Lower long-term rates can lead to debt service cost savings of R900bn over a decade

Enoch Godongwana before the Term budget policy statement. (Jairus Mmutle)

Finance minister Enoch Godongwana and Reserve Bank governor Lesetja Kganyago have just rewired our macro frame. The medium-term budget policy statement (MTBPS) pins a new inflation anchor at 3% and markets answered fast: bond yields fell, turning what was a policy line into a tangible fiscal prize.

That prize is large on paper ― tens of billions of rand a year in interest bill relief ― but it will become real only if yields stay low and the Treasury makes visible savings.

The numbers are simple. Long-term rates contain the cost of carrying public debt. A sustained fall in yields compresses the state‘s interest burden almost immediately when debt is rolled. Depending on the base and the move that can be the difference between austerity rhetoric and cash for priorities.

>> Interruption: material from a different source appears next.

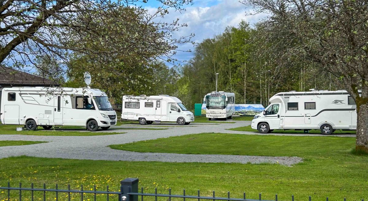 Efter ett par dagar i hemmatrakterna kände vi att det skulle vara skönt att komma iväg över Valborg och 1:a maj.Vi bokade plats på Kattugglans ställplats några km söder om Ljungby. Den här ställplatsen har vi hört mycket positivt om i sociala medier. Här vid gamla E4:an/Riksettan låg motellet Rattugglan (samma namn som motellet utanför Mariestad). Själva restaurangdelen brann 1997, bensinpumparna har försvunnit och på den sidan om vägen finns nu 6 ställplatser med el, tömning, fyllning, utedisk, sopor samt toalett och dusch.

After shooting up to more than 11% in April on the back of the so-called Liberation Day tariffs episode — a US policy that raised sovereign risk perception, which in turn hit bond prices — SA’s 10-year yield has retraced to the highs of 8%. The bulk of the gains were notched up since July, when Kganyago publicly said the Bank would now target 3% as an informal inflation guidepost.

The peak-to-now swings in the 10-year government bond imply annual savings topping R130bn on the gross loan stock. That is enough to plug the gap filled by the VAT hike implemented earlier this year more than four times over. It’s a politician’s gift.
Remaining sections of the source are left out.